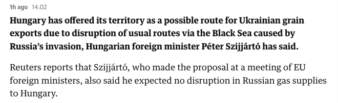 Венгрия предлагает вывозить украинское зерно через ее территорию из-за блокировки Россией черноморских портов Украины.
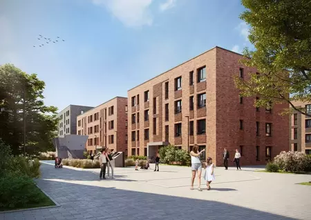 Auch im Norden der Stadt tut sich etwas – zum Beispiel in Coerde. Unter dem Motto „Coerde – Ein Stadtteil in Bewegung“ hat der Rat der Stadt Münster ein Entwicklungskonzept zur Steigerung der Wohn- und Lebensqualität beschlossen. VIVAWEST ist natürlich ganz vorne mit dabei: mit dem neuen Zentrum-Nord zwischen Coerde und Kinderhaus. Dort verteilen sich insgesamt 282 attraktive Mietwohnungen auf mehrere 4- bis 8-geschossige Gebäude. Und das nur etwas über einen Kilometer Luftlinie von der Innenstadt!
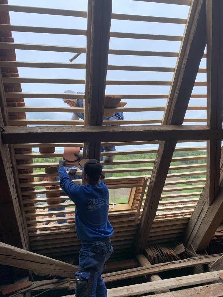Die Dacharbeiten sind voll im Gang.
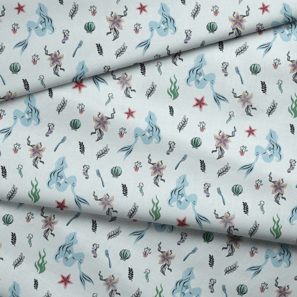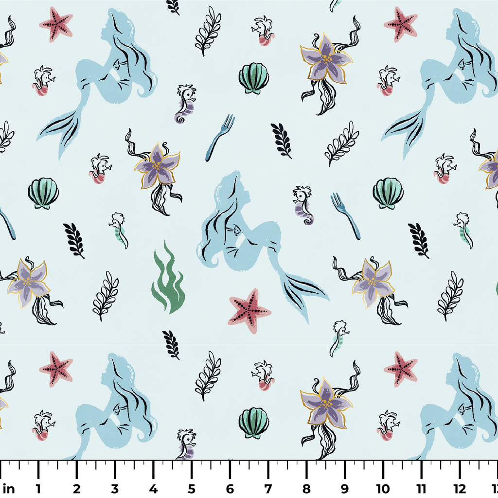 Dive into an enchanting underwater world with this dreamy Disney The Little Mermaid fabric featuring soft blue silhouettes of Ariel against a crisp light blue background. Delicate seahorses in lavender and mint hues frolic alongside mint seashells and elegant purple flowers with flowing black tendrils. The whimsical hand-drawn style gives this fabric a charming quality perfect for children's bedroom decor, summer tote bags, or coastal-themed quilting projects.
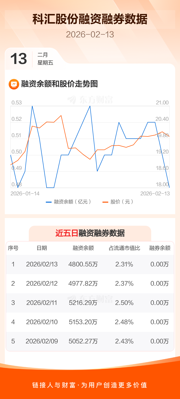 交易所最新数据显示,科汇股份于2026年2月13日获融资买入175.17万元,融资偿还352.45万元,当日融资净偿还177.28万元。目前,该股融资余额4800.55万,占流通市值比例为2.31%。

_ _ _ _ _

What you have to do ▸
Leaving out every picture, repeat exactly the lines of the records from the start through the line that has "Auch im Norden".

Task result ▸
 Венгрия предлагает вывозить украинское зерно через ее территорию из-за блокировки Россией черноморских портов Украины.
 Auch im Norden der Stadt tut sich etwas – zum Beispiel in Coerde. Unter dem Motto „Coerde – Ein Stadtteil in Bewegung“ hat der Rat der Stadt Münster ein Entwicklungskonzept zur Steigerung der Wohn- und Lebensqualität beschlossen. VIVAWEST ist natürlich ganz vorne mit dabei: mit dem neuen Zentrum-Nord zwischen Coerde und Kinderhaus. Dort verteilen sich insgesamt 282 attraktive Mietwohnungen auf mehrere 4- bis 8-geschossige Gebäude. Und das nur etwas über einen Kilometer Luftlinie von der Innenstadt!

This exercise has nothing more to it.